==== Material provided ====
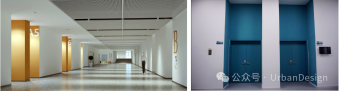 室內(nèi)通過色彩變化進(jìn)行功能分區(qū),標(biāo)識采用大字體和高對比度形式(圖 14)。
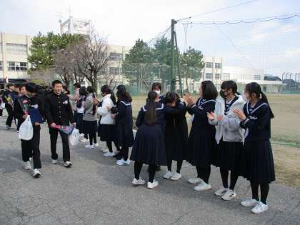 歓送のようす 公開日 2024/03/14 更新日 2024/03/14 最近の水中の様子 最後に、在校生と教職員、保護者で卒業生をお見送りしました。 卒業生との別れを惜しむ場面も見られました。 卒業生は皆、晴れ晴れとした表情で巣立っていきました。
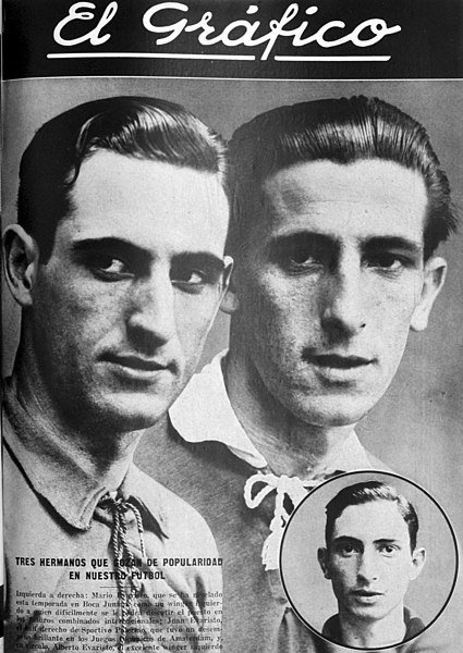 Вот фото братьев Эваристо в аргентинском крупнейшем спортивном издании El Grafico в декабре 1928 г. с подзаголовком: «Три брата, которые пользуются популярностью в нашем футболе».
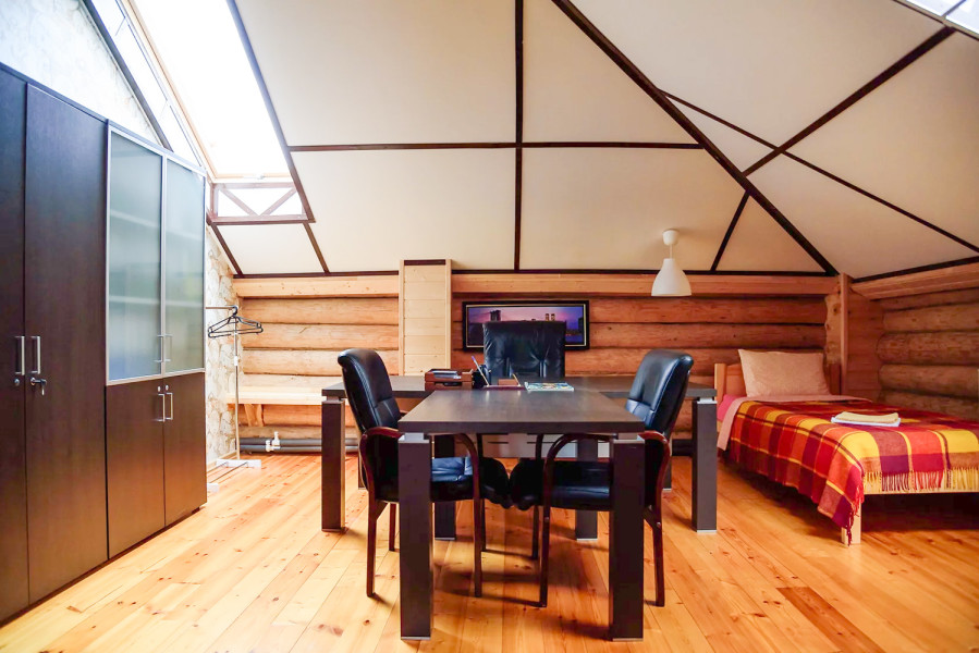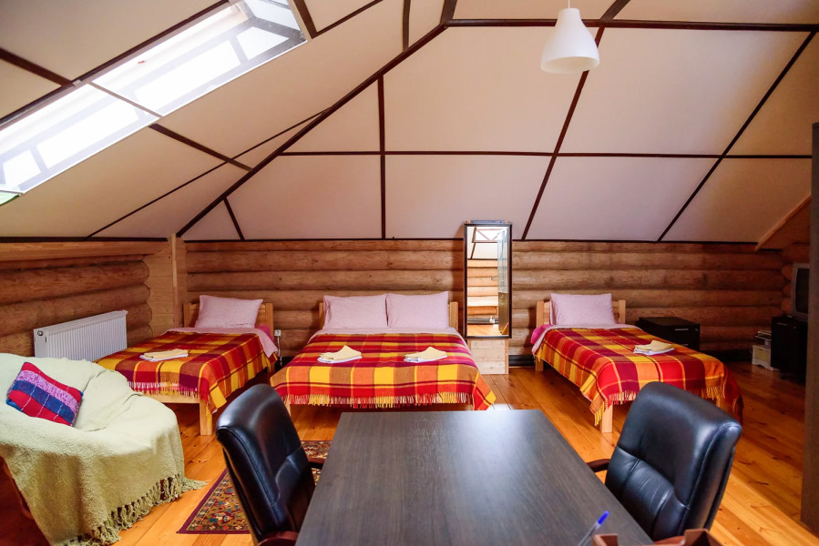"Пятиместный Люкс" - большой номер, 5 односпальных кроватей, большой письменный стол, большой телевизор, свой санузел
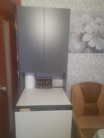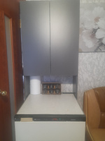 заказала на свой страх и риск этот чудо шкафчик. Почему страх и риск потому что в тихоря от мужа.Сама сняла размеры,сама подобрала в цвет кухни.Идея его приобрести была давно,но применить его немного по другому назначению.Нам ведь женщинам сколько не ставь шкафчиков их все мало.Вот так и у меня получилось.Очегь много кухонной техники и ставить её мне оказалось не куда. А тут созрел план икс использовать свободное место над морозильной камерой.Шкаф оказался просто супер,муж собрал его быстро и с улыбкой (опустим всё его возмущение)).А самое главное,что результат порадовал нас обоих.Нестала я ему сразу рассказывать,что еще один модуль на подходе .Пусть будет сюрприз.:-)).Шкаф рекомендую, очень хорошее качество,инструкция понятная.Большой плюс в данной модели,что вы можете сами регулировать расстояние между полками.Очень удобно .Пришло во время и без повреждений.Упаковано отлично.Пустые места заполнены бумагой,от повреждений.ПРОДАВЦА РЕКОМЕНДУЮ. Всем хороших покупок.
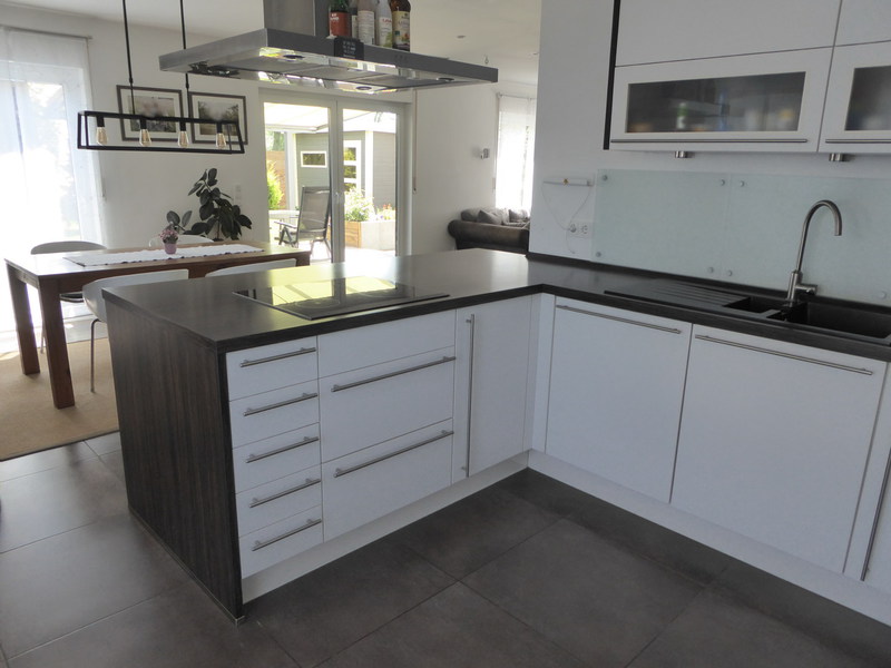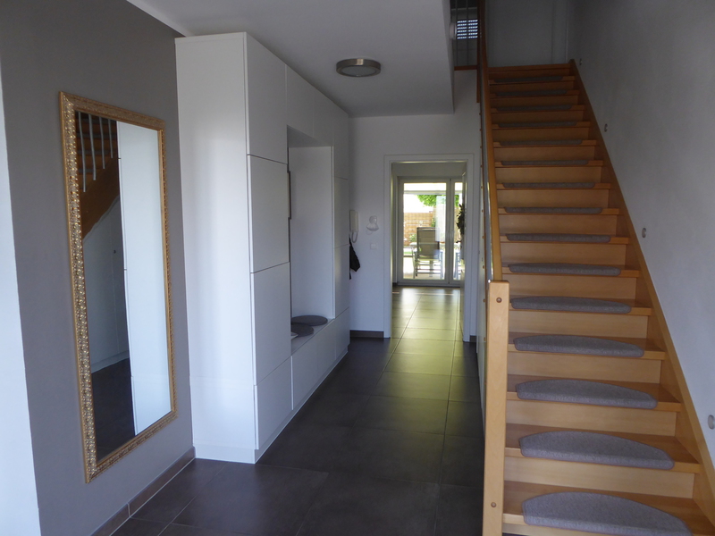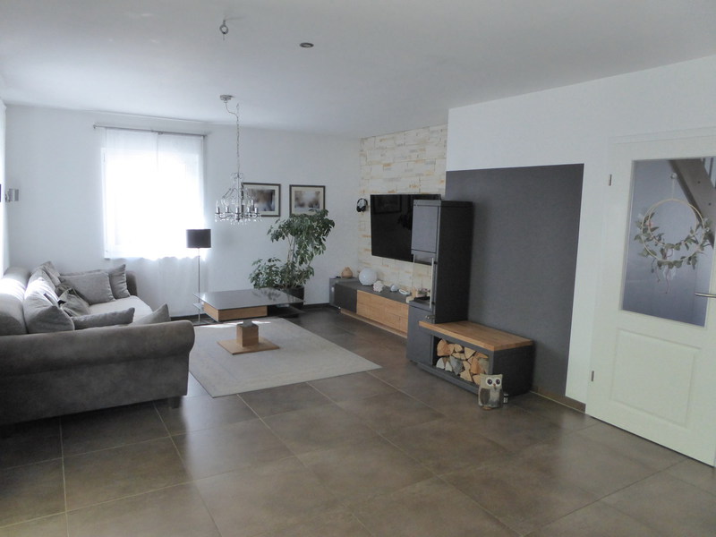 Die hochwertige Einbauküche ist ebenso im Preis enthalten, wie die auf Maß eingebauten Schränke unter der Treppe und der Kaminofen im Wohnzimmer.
====
Your goal: Could you repeat every record exactly as written, with the pictures left out?

Answer section:
 室內(nèi)通過色彩變化進(jìn)行功能分區(qū),標(biāo)識采用大字體和高對比度形式(圖 14)。
 歓送のようす 公開日 2024/03/14 更新日 2024/03/14 最近の水中の様子 最後に、在校生と教職員、保護者で卒業生をお見送りしました。 卒業生との別れを惜しむ場面も見られました。 卒業生は皆、晴れ晴れとした表情で巣立っていきました。
 Вот фото братьев Эваристо в аргентинском крупнейшем спортивном издании El Grafico в декабре 1928 г. с подзаголовком: «Три брата, которые пользуются популярностью в нашем футболе».
"Пятиместный Люкс" - большой номер, 5 односпальных кроватей, большой письменный стол, большой телевизор, свой санузел
 заказала на свой страх и риск этот чудо шкафчик. Почему страх и риск потому что в тихоря от мужа.Сама сняла размеры,сама подобрала в цвет кухни.Идея его приобрести была давно,но применить его немного по другому назначению.Нам ведь женщинам сколько не ставь шкафчиков их все мало.Вот так и у меня получилось.Очегь много кухонной техники и ставить её мне оказалось не куда. А тут созрел план икс использовать свободное место над морозильной камерой.Шкаф оказался просто супер,муж собрал его быстро и с улыбкой (опустим всё его возмущение)).А самое главное,что результат порадовал нас обоих.Нестала я ему сразу рассказывать,что еще один модуль на подходе .Пусть будет сюрприз.:-)).Шкаф рекомендую, очень хорошее качество,инструкция понятная.Большой плюс в данной модели,что вы можете сами регулировать расстояние между полками.Очень удобно .Пришло во время и без повреждений.Упаковано отлично.Пустые места заполнены бумагой,от повреждений.ПРОДАВЦА РЕКОМЕНДУЮ. Всем хороших покупок.
 Die hochwertige Einbauküche ist ebenso im Preis enthalten, wie die auf Maß eingebauten Schränke unter der Treppe und der Kaminofen im Wohnzimmer.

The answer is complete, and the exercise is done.